George came out of a raw, naive new colony, California, as a scrappy marginal journalist. Yet his ideas exploded through the sophisticated metropolitan world as though into a vacuum. His book sales were in the millions. Seven short years after publishing Progress and Poverty in remote California he nearly took over as Mayor of New York City, the financial and intellectual capital of the nation. He thumped also-ran Theodore Roosevelt, and lost to the Tammany candidate (Abram S. Hewitt) only by being counted out (Barker, pp.480-81; Myers, pp.356-58; Miller, p.11). Three more years and he was a major influence in sophisticated Britain. In 1889, incredibly, he became "adviser and field-general in land reform strategy" to the Radical wing of the Liberal Party in Britain, where he was not even a citizen. "It was inevitable that, when (Joseph) Chamberlain bowed out, George should become the Radical philosopher" (Lawrence, pp.105-06). It also happened that when Chamberlain bowed out, the Radical wing became the Liberal Party. It adopted a land-tax plank after 1891 (The "famous Newcastle Programme"), and came to carry George's (muted) policies forward under successive Liberal Governments of Campbell-Bannerman, Asquith, and Lloyd George.

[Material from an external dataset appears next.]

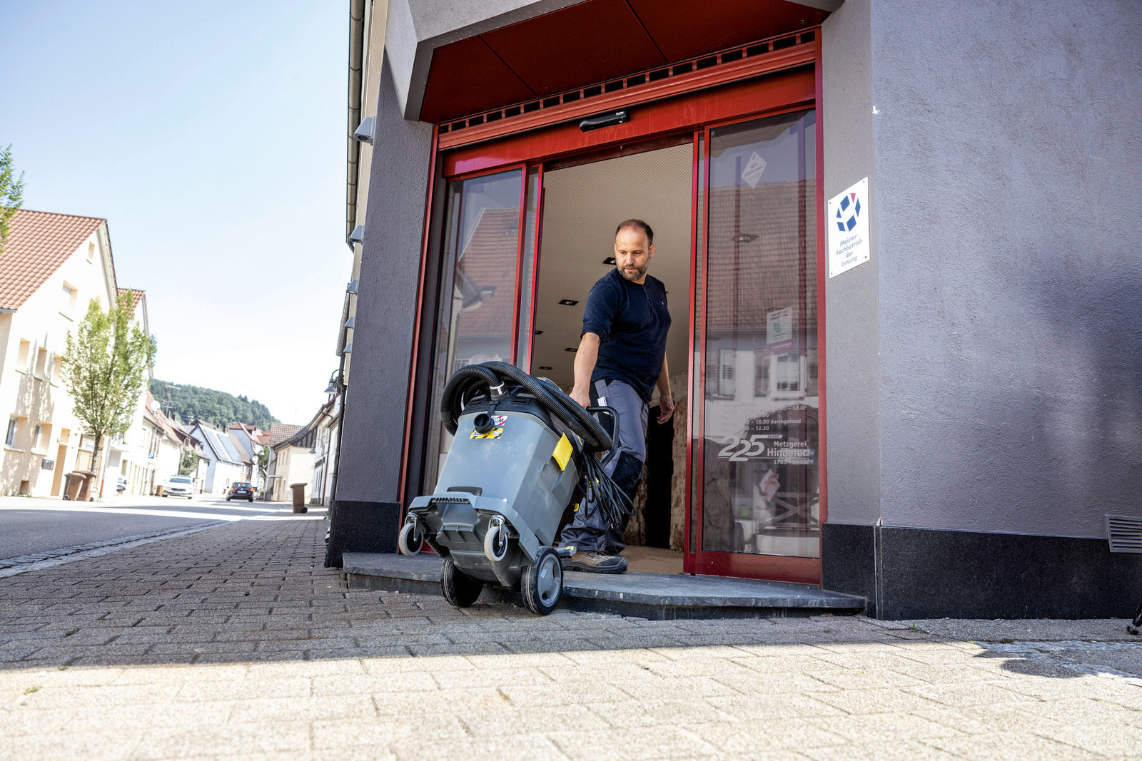 Developed for very large quantities of hazardous fine dust in dust class M: The large and highly mobile wet and dry vacuum cleaner 50/1 Tact Te M with a 50 litre container and adjustable push handle.

How could a marginal man come out of nowhere and make such an impact? The economic gurus of the day, even as today, were in a scolding mode, blaming unemployment on faulty character traits and genes, and demanding austerity. They were not intellectually armed to refute him or befuddle his listeners. He had studied the classical economists, and used their tools to dissect the system. Neo-classical economics arose in part to fill the void, to squeeze out such radical notions, and be sure nothing like the Georgist phenomenon could recur.Again, are we not imputing too much weight to a minor figure? We are told that Georgism withered away quietly with its founder in 1897.9 That, however, is warped history. One of the great derelictions of American historians is to have neglected the single-tax movement, 1901-24. It is also a warped view of "The Single Tax" as a discrete, millenial change, a quantum leap away from life as we know it (Gaffney, 1976). Pure Georgism never "took over whole hog," but no single philosophy ever does. Modified Georgism, melded into the Progressive Movement, helped run the U.S.A. for 17 years, 1902-19, working through both major political parties.10 At the local level, it continued on through the early 1920s. Local property taxation was modified on Georgist lines even as it rose in absolute terms. The first Federal income tax law was drafted by a Georgist (Congressman Warren Worth Bailey of Johnstown, Pennsylvania) with Georgist goals uppermost.11 Real concessions were made: the politicians heard the voters. Historians of the Populist Party and movement often note that its ideas succeeded even though the Party failed, because its ideas were coopted by major parties. Georgism was a strand of American populism, later wrapped into Progressivism.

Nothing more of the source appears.